Traduzindo: o feed encheu. E encheu de coisa parecida.
Quando produzir vira commodity, o volume para de te diferenciar.
Mais um post, mais um carrossel, mais um e-mail. Todo mundo tem. Ninguém lembra.
O que fica escasso é justamente o oposto da máquina: ponto de vista.
A IA é excelente em média
Ela foi treinada para prever a palavra mais provável. Por definição, entrega o mais esperado.
Seu diferencial mora onde ela é fraca: no inesperado com critério.
Uma opinião que você assina.
Uma escolha que você defende.
Um recorte que só quem vive aquilo enxerga.
Isso não sai de um prompt. Se constrói com julgamento.
O que muda na prática
Pare de competir por quantidade. Você perde para quem aperta um botão.
Compita por clareza, por ângulo, por experiência real.
Use a IA no trabalho pesado: rascunho, pesquisa, estrutura, variações.
Guarde para você a parte que ninguém terceiriza: o que dizer, para quem, e por quê.

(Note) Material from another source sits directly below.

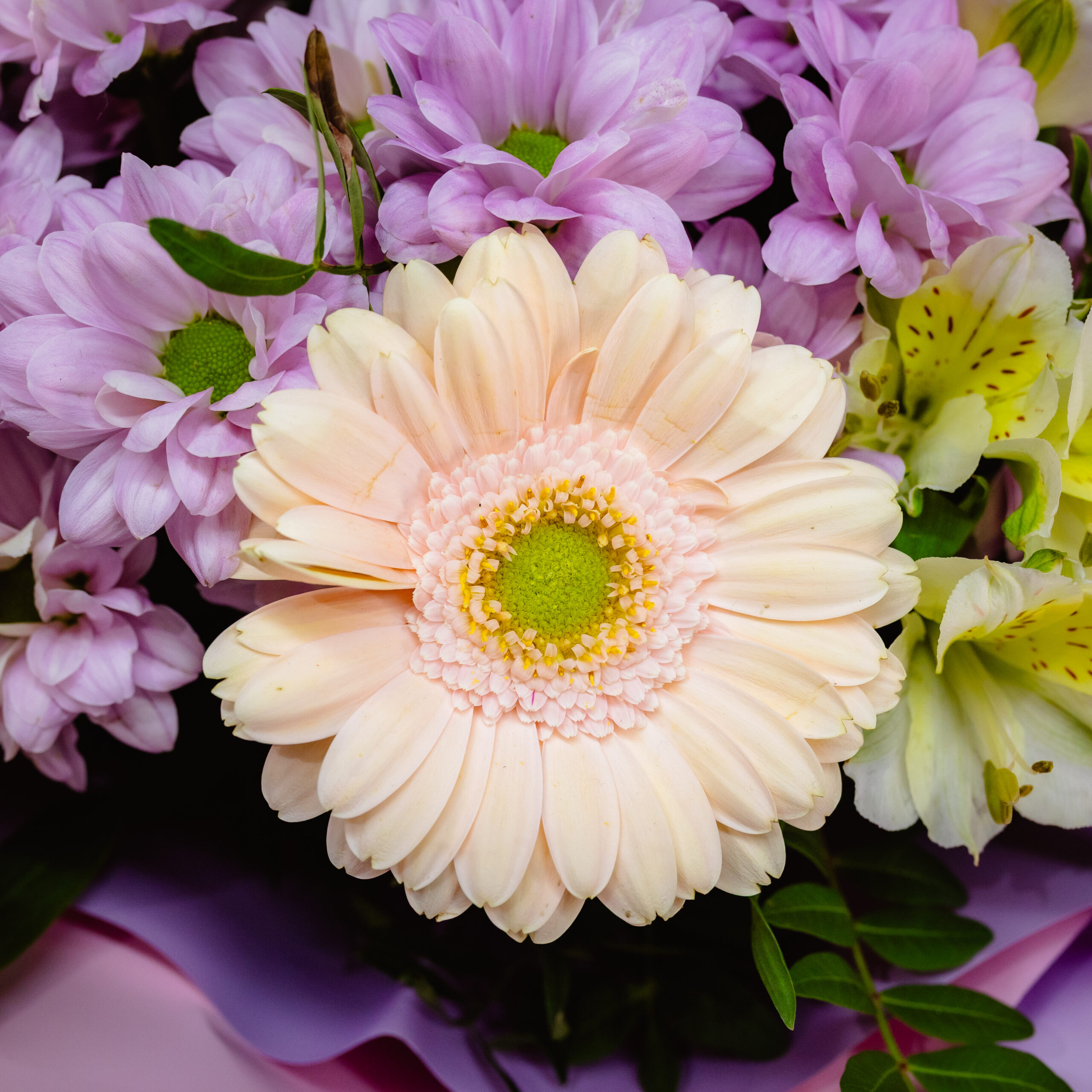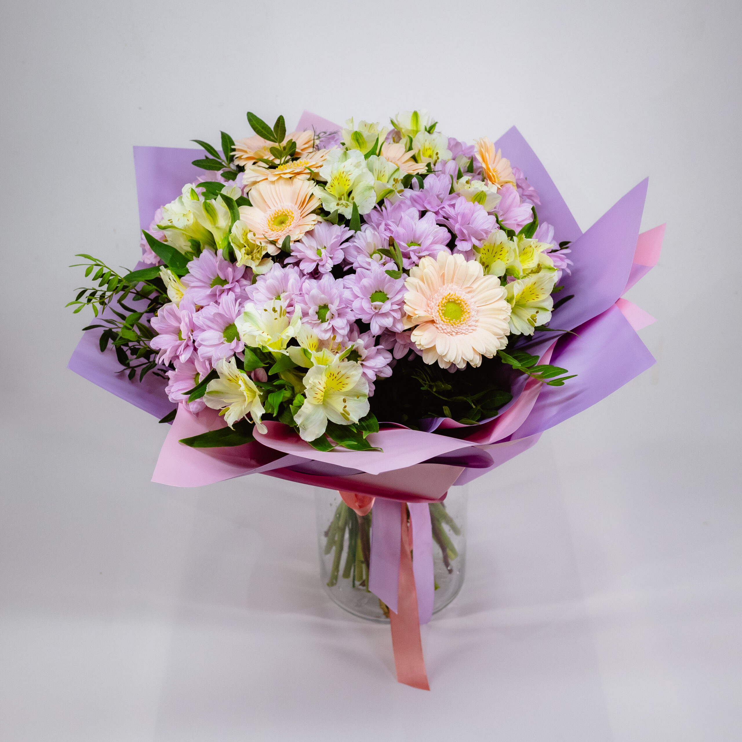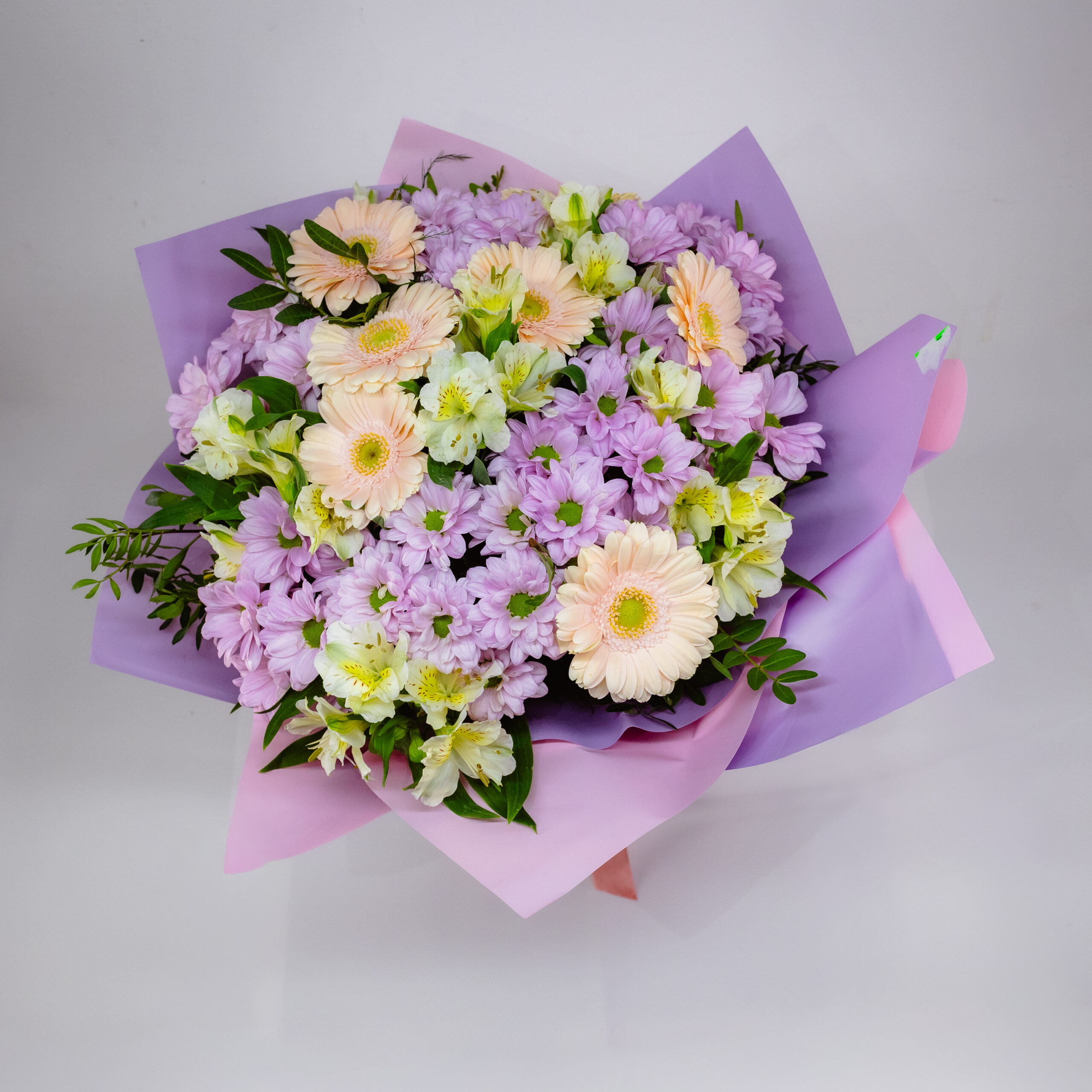 Gerbera crem luminează buchetul, crizantemele lila aduc o tentă calmă, iar alstroemeria oferă finețe. Cromatica pastelată îl face potrivit pentru momente în care vrei un cadou delicat și prietenos, cu un aer modern și curat.

Quem só executa vira intercambiável.
Quem decide o ângulo vira insubstituível.
O teste antes de publicar
Antes de mandar qualquer coisa pro mundo, pergunte:
Isso soa como algo que só eu poderia ter dito?
Se a resposta for não, a IA já fez igual. Mil vezes. Hoje.
Se for sim, você tem a única coisa que o conteúdo infinito não consegue copiar: você.